Arriving at East Looe, we meet the first substantial community of fishing families on our long trek through the Cornish parishes of Victorian times. In fact, according to the 1851 census fewer than one in ten of the adult men in East Looe got their living from fishing. Full-time fishermen (there may have been many more part-timers) were outnumbered two to one by mariners, boatmen, coastguards and others who worked on the sea. Moreover, there were almost three times as many craftsmen as fishermen in the town, while the number of those working in retail jobs and even farm labouring exceeded that of fishermen.
Nonetheless, concentrated in the narrow streets between the quay and Higher Market Street, fishermen and their families made up a recognisable community in the town.
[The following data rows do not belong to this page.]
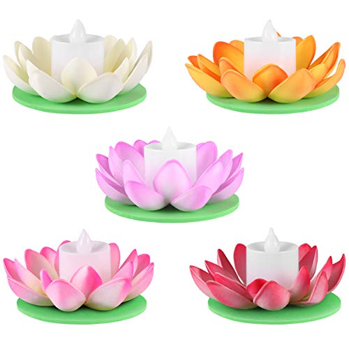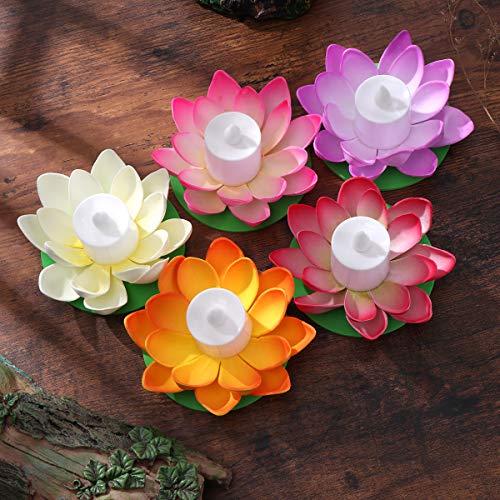 LEDMOMO 5 unids Lámpara de Loto Flotante Deseando Lily Candle Lotus Tealight Artificial Vela Flor Linternas Piscina Luz para Festival
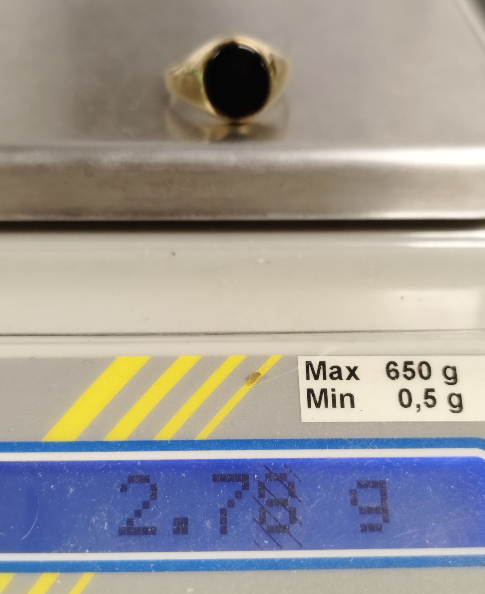 | Information | 9ct Gold Gents Black Stone Signet Ring |
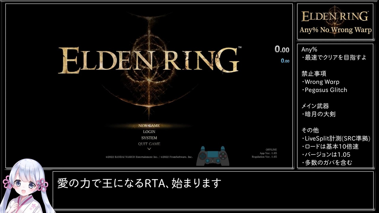 SEKIRO以外は初投稿です。<br><br>■カテゴリ|Any% No Wrong Warp<br>・Wrong Warp / Pegasus Glitchは禁止<br>・メイン武器は暗月の大剣を使用<br>・なんでもいいから速くクリアする<br>・IGT計測 (RTも同時計測。こちらの記録は1時間46分32秒)<br><br>元配信|<a href="https://www.twitch.tv/videos/1646157293" target="_blank" rel="noopener nofollow">https://www.twitch.tv/videos/1646157293</a><br>Youtube版|<a href="https://youtu.be/o1bP5dLRyag" target="_blank" rel="noopener nofollow">https://youtu.be/o1bP5dLRyag</a><br>ニコニコは画質の関係で3分割投稿です<br><br>前回|ないよ<br>次回|<a href="https://www.nicovideo.jp/watch/sm41379446" class="watch">sm41379446</a><br><br>■Twitch<br><a href="https://www.twitch.tv/mizukiaihara" target="_blank" rel="noopener nofollow">https://www.twitch.tv/mizukiaihara</a><br>■YouTube<br><a href="https://www.youtube.com/channel/UCZA7VfDPNNPoxGDdoa4dxUg/" target="_blank" rel="noopener nofollow">https://www.youtube.com/channel/UCZA7VfDPNNPoxGDdoa4dxUg/</a><br>■Twitter<br><a href="https://twitter.com/mizuki_aihr" target="_blank" rel="noopener nofollow">https://twitter.com/mizuki_aihr</a><br><br>RTAとかゲーム関連|<a href="https://www.nicovideo.jp/series/280760" target="_blank" rel="noopener">series/280760</a><br>オリジナル曲とか音楽関連|<a href="https://www.nicovideo.jp/series/142252" target="_blank" rel="noopener">series/142252</a><br><br>解説音声:つくよみちゃん(COEIROINK)<br>イラスト素材:えみゃコーラ様|<a href="https://seiga.nicovideo.jp/seiga/im10760810" target="_blank" rel="noopener">im10760810</a><br>フリー素材キャラクターつくよみちゃん|<a href="https://tyc.rei-yumesaki.net/" target="_blank" rel="noopener nofollow">https://tyc.rei-yumesaki.net/</a>
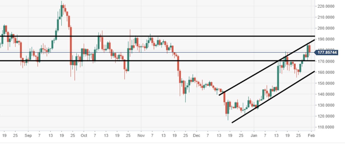 A heavy amount of near-term supply should be noted at the range of $170-190 via the daily chart.
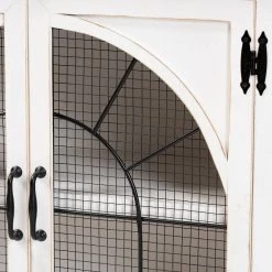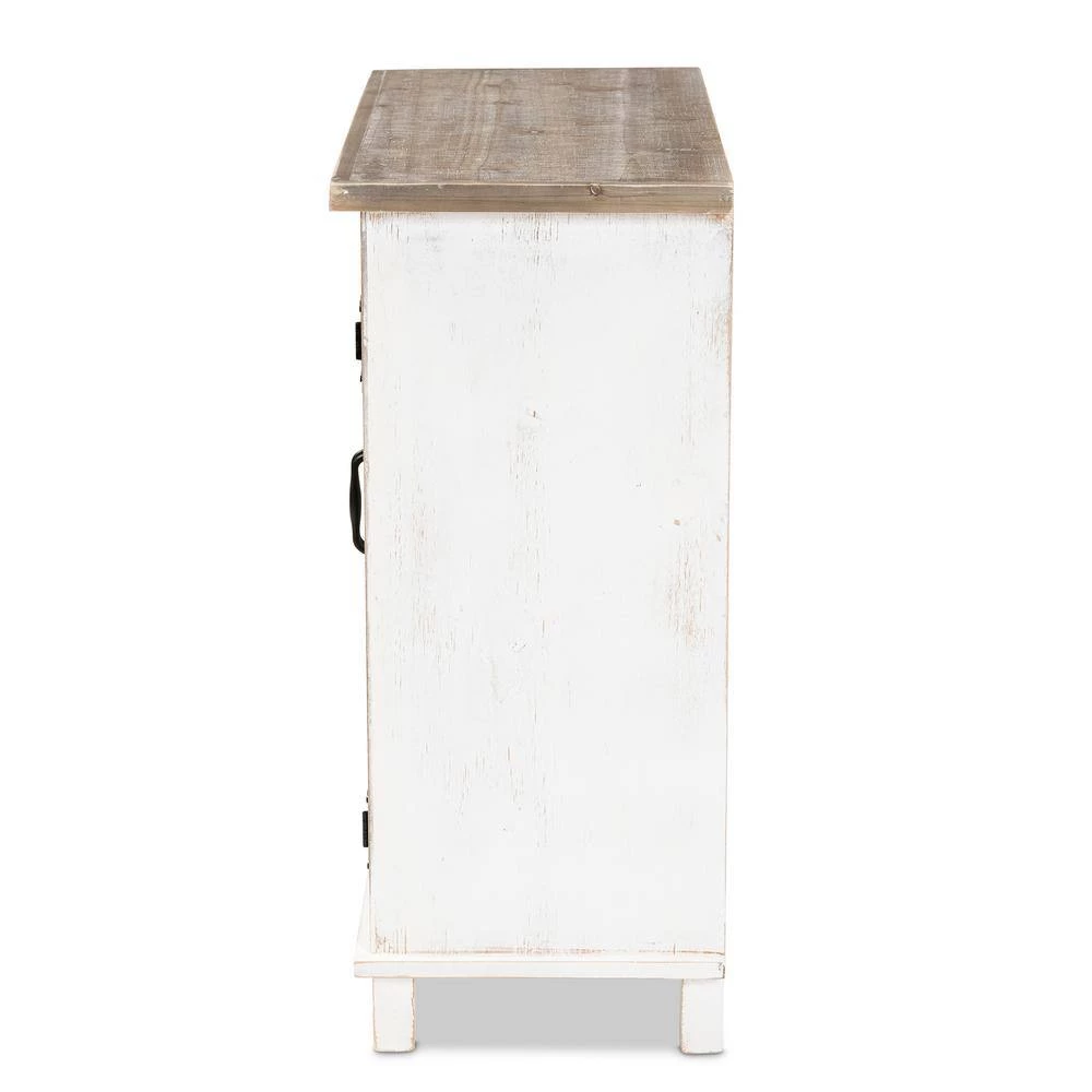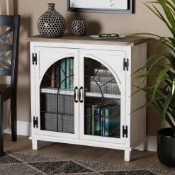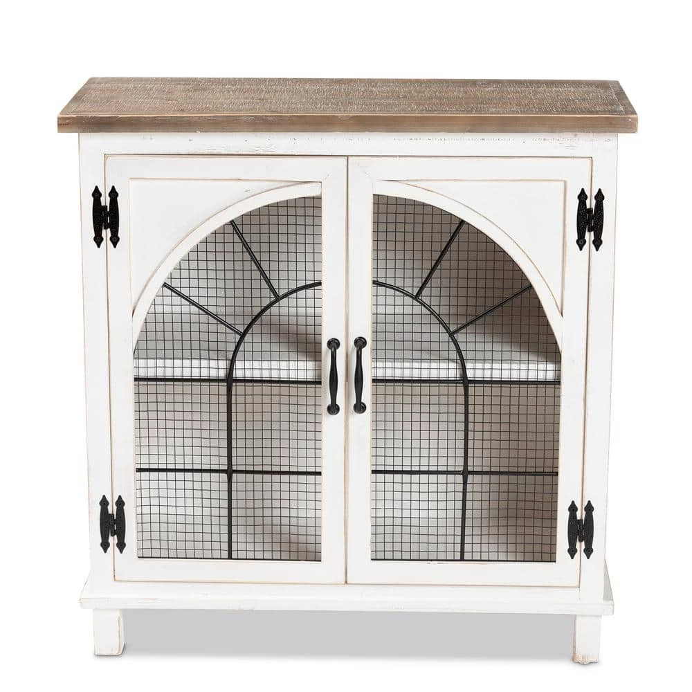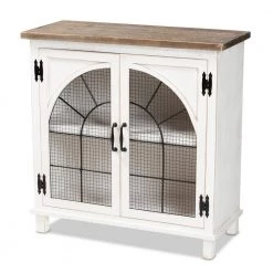 Organization is made easy with the charming Faron cabinet. Made in China, the Faron is comprised of a sturdy wood frame featuring a lightly weathered two-tone white and oak brown finish for an aged, vintage look. 2-shelves behind the doors provide ample storage space to assist in organizing busy areas. Fully assembled, the Faron is adorned with antique inspired, black finished metal accents for a cool, industrial touch. A fantastic assistant to the modern household, the Faron cabinet adds value to any space.

Although not quite as closed as later nineteenth century fishing communities, two thirds of East Looe’s fishermen had been born there. Half of the rest hailed from West Looe, just across the river. Only two had come from distant places, one born in Gloucestershire and a second in London.
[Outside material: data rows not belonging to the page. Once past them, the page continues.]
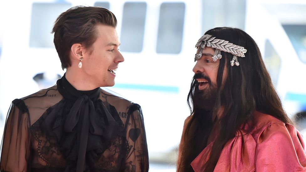 진주 귀걸이를 한 해리 스타일스와 2019 멧 갈라에서 구찌의 알레산드로 미켈레
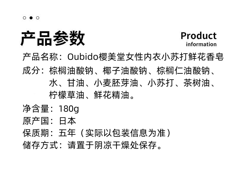 日本进口樱美堂-女性内衣小苏打鲜花香皂180g
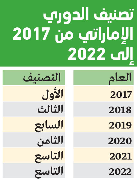واحتل الدوري الإماراتي في التصنيف القاري في 2022 المركز التاسع برصيد 49.169 نقطة، في حين أنه حصد 96.56 نقطة في 2017، محققاً المرتبة الأولى.
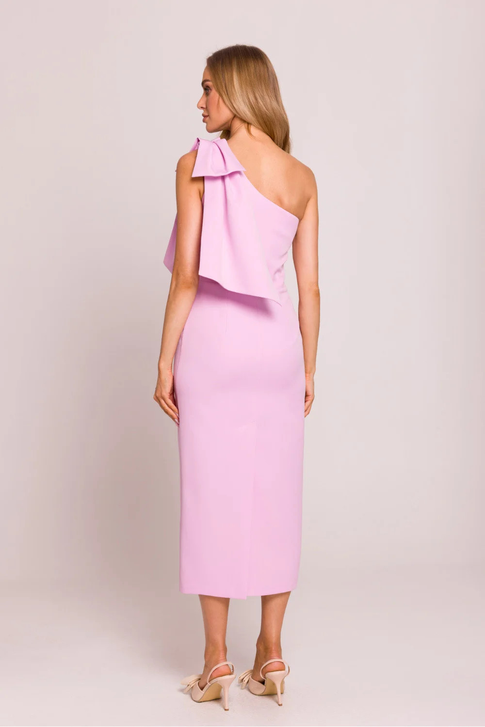 Elegantní midi šaty s olověným střihem, které zdůrazňují ženskou postavu. Model okouzluje asymetrickým střihem s motivem na jedno rameno, ozdobeným efektní mašlí, která dodává eleganci a jedinečný charakter. Vysoké rozeknutí vzadu jemně zdůrazňuje nohu, dodávají kreaci lehkost a smyslnost. Šaty se zapínají po stranách na skrytý zip, co zajišťuje ideální přizpůsobení. Částečná podšívka zaručuje pohodlí při nošení. Navrženo a ušito v Polsku s důrazem na každý detail.
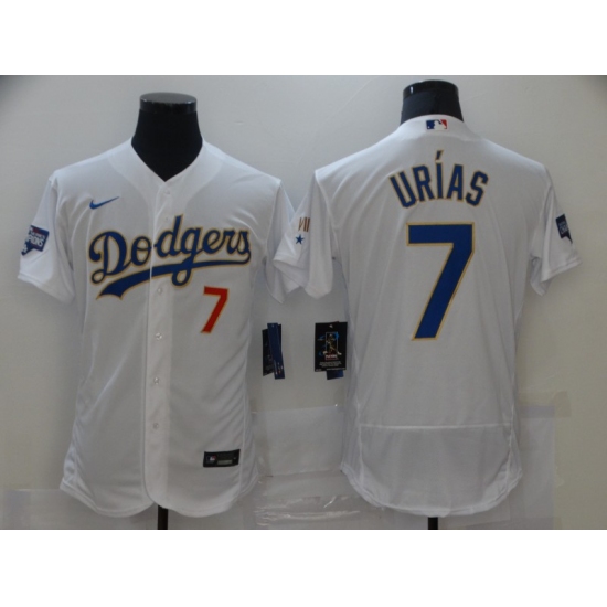 >Men's Nike Los Angeles Dodgers #7 Julio Urias White World Series Champions Authentic Jersey
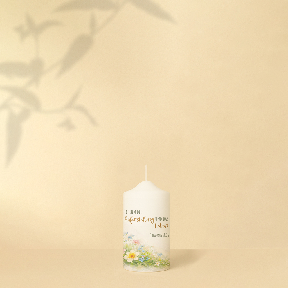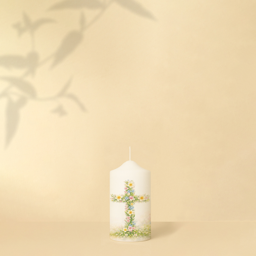 Die Osterkerze „Blumenkreuz“ verbindet die kraftvolle Botschaft von Ostern mit einer leichten, frühlingshaften Gestaltung. Das Kreuz ist aus zarten Blumen gestaltet und steht symbolisch für neues Leben, Hoffnung und Auferstehung. Die sanften Farben und floralen Elemente verleihen der Kerze eine natürliche, freundliche Ausstrahlung und erinnern an den Neubeginn des Frühlings.
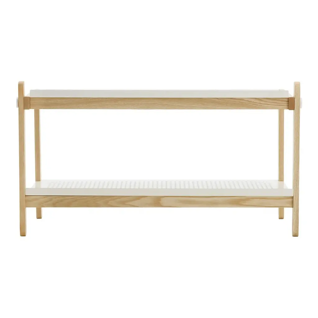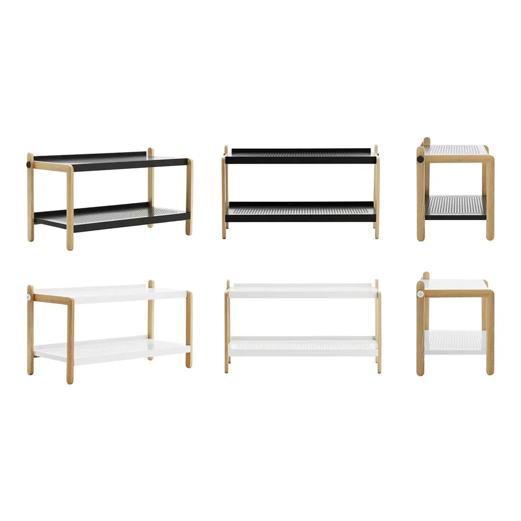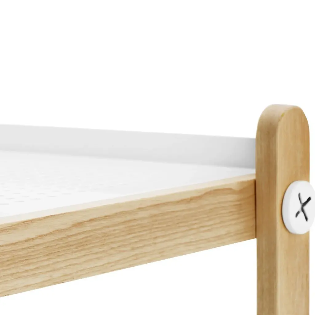 Sko is a shoe rack with both an industrial and simple feel and is made with robust, Scandinavian materials. Sko has been designed without any unnecessary components. It consists of a wooden frame with two perforated steel shelves held together by accentuated screws. Sko is available in ash, with shelves in a pure white or intense dark grey and is perfect for places where extra storage space is needed for shoes and boots, such as the hallway and bedroom etc. Includes tools for assembly, as well as an easy-to-follow manual. Load capacity: ~ 11 lbs (5 kg) per shelf.
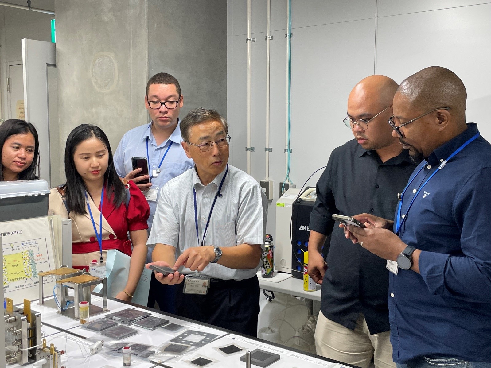 燃料電池分野の最先端の研究を行っている水素・燃料電池ナノ材料研究センターでは、センターの燃料電池研究の歴史、電池の発電効率を上げるために開発されたナノ材料や、巨大な電子顕微鏡などの最新設備について説明を受けるとともに、実際に研究施設を見学させていただきました。研究者の皆さんが作業をされている所にお邪魔して、燃料電池を手に取って間近に眺めてみたり、重さに驚いたりと、研修員も学生に戻ったような気持ちで先生から説明を受けていました。

Not that Looe’s fishing families never moved. Richard Dan was a fisherman living with his wife Matilda and two children, one of whom was also named Matilda and included in the Victorian Lives database. The family was found in Chapel Street in 1851 but during the 1850s and 60s they moved from street to street in Looe from one small cottage to another, presumably each somewhat larger than the last in order to accommodate the growing number of children, seven by 1871.
Then in the early 1870s the Dans upped sticks when the whole family moved several hundred miles north to Todmorden on the edge of the Pennines in Yorkshire, about as far as you could get from the sea. The children found jobs in the local cotton industry as binders, stitchers, piecers and testers while Richard, now in his 50s, worked as a carter and horse keeper. For a whole family to move, especially when the parents were in their 50s, was unusual, although not unknown in the economically depressed years of the mid-1870s.
The younger Matilda got married in 1874 in Todmorden, presumably not long after moving there, to a local man – James Taylor. James was a builder’s labourer and in 1881 the couple were living about a mile away from Matilda’s parents and the rest of the family who could be found just outside the town of Todmorden.